As a means of getting more direct-to-consumer brands under their roofs, mall developers are not only seeking out these platforms, but they’re also launching their own versions. Fourpost founder Mark Ghermezian’s father is co-owner of Triple Five Group, the conglomerate behind the malls housing his first stores. Last month, Macerich, the third-largest owner and operator of shopping centers in the United States, debuted BrandBox in Virginia’s Tysons Corner Center, with six more locations, located in malls from Santa Monica to Pennsylvania, to follow next year. Six tenants, including Naadam, Winky Lux and Nectar, occupy 500- to 3,000-square-foot spaces at BrandBox’s Tysons Corner Center location. Activations throughout the mall drove to the store at opening, as did Instagram posts by local influencers.

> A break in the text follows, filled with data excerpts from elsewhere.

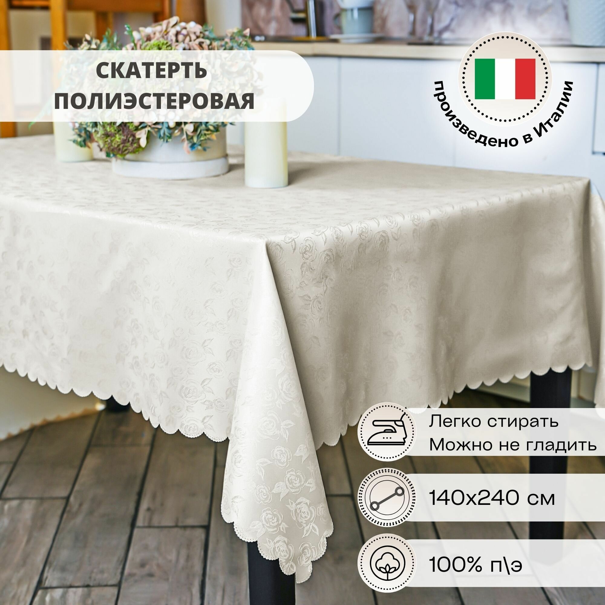Скатерть на стол 140х240 см Grand Textil. Скатерть подойдет на случай праздника, дружеского застолья или повседневного использования. Коллекция товаров для дома итальянского бренда выполнена в разнообразной цветовой гамме, что позвляет подобрать скатерть прямоугольную именно под ваш декор для дома. / Скатерть тканевая на стол выполнена из качественного, плотного материала. Состав: 100% полиэстер. Скатерти из полиэстера нового поколения легко отстирываются от загрязнений любой сложности, быстро сохнут, не мнутся, не линяют, не теряют цвет, сохраняя первоначльный вид на многие годы. Скатерти при необходимости можно стирать в машинке при температуре до 30° С. / Скатерть для стола - это необходимый аксессур для дома и кухни. В нашем каталоге большой выбор скатертей на стол тканевых: скатерть белая; скатерть праздничная для кухни с яркими и сочными принтами; скатерть на стол прямоугольная в теплых бежевых и молочных тонах; скатерть однотонная, которую можно дополнить дорожкой на стол.
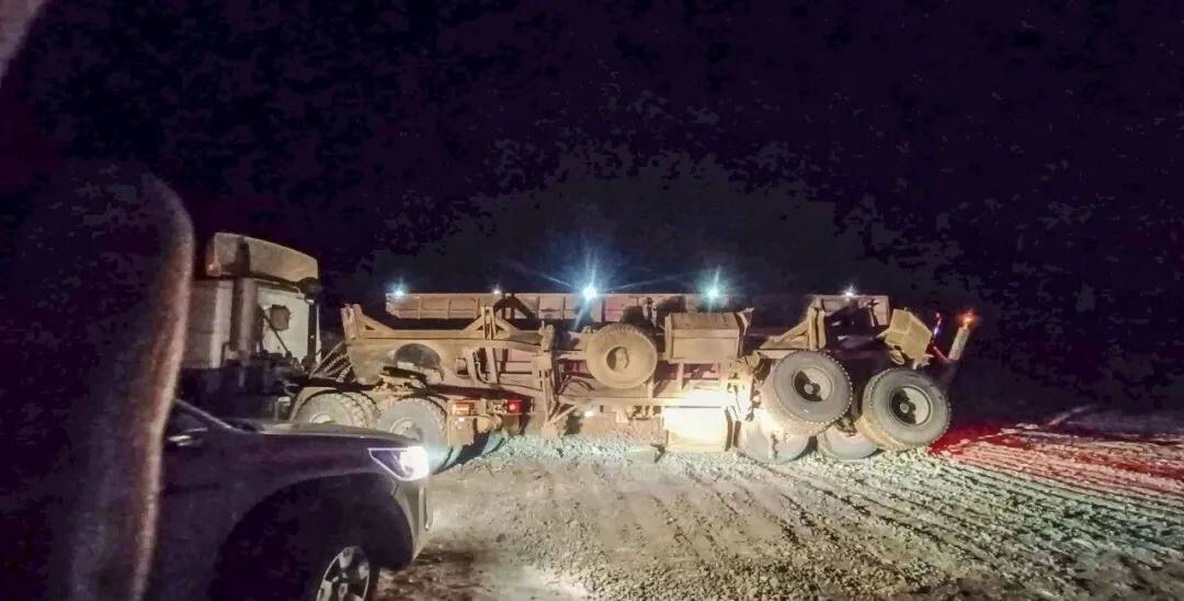 项目正在救援翻车的大卡车,救援工作从早上持续到晚上
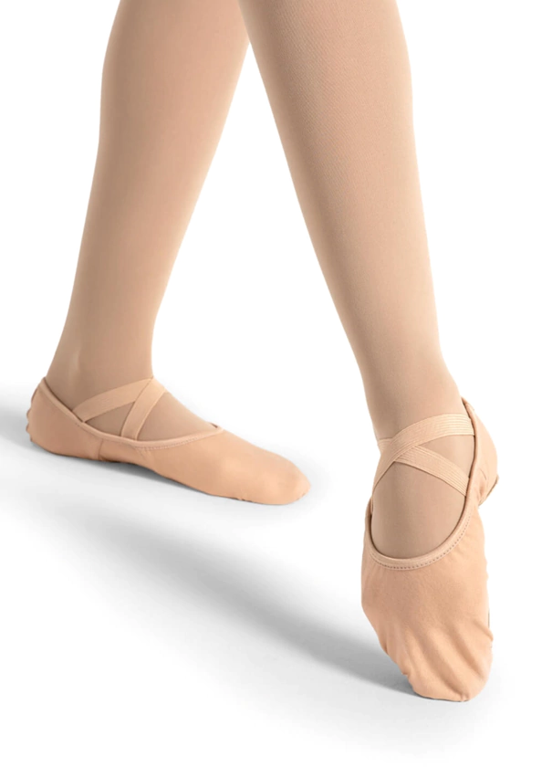 Lona de alta qualidade que estica como se você não estivesse usando nada. O design da sola dividida elimina o volume no arco e permite que gire na plataforma mais plana. Não possui nenhuma costura no arco/centro que interfira na dorsiflexão e flexão plantar. Recomendada para bailarinos iniciantes e experientes.
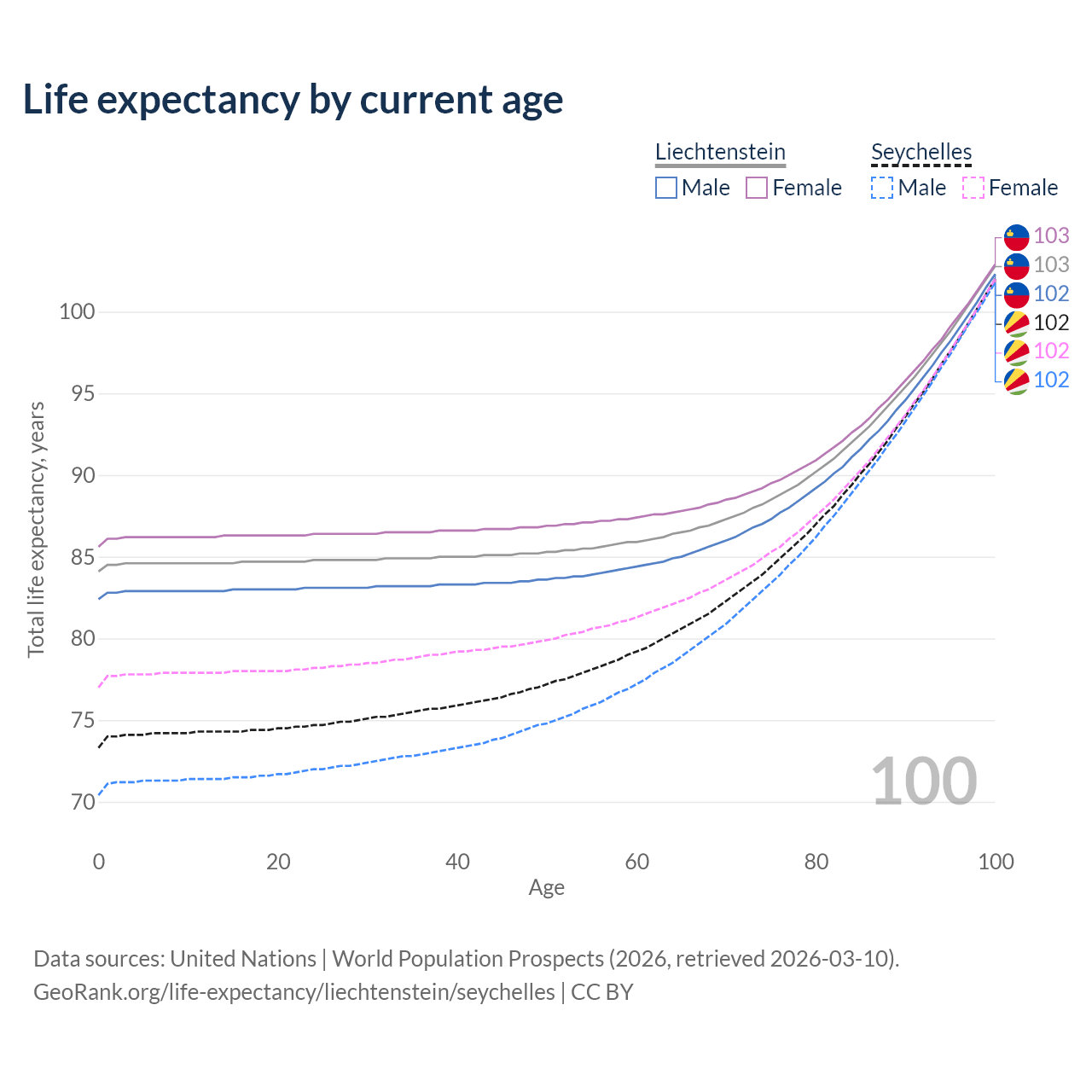 This life expectancy calculator shows the odds of living to 100, 95, 90, and below based on current age for both males and females in Liechtenstein and the Seychelles, along with mean and median age of death. The calculations are based on the 2026 life tables (actuarial tables) from the UN World Population Prospects.

Kevin McKenzie, Macerich’s chief digital officer, said the company had experience working with digitally native brands, including Peloton, Warby Parker and Untuckit, prior to conceiving BrandBox. He decided to research what brands in the space had reached their growth capacity on Instagram, Google and Pinterest, and may be ready to launch physical retail, concentrating on those with sales in the double-digit millions and strong Instagram followings. He approached them and asked what they’d want from a store, which resulted in BrandBox’s sales pitch for brands: the opportunity to test retail or a local market in a prime location (annual sales of $1,000 per square foot, on average), without signing a long-term lease
“For us, this is also a big cultural shift; we’re learning we have to be a service provider if we’re going to attract these brands,” said McKenzie. “They’re what the consumer wants. You’ve got to give the consumer what they want and stop giving them things that aren’t relevant anymore.”
As for whether the DTC focus will prove the nail in the coffin for the Expresses and Abercrombie & Fitches of the world, Steve Berry, president and founder of SageBerry Consulting, said, “Additional competition certainly doesn’t help. But to the extent those brands fail, or continue to struggle, it’s mostly because they failed to become more relevant and remarkable.”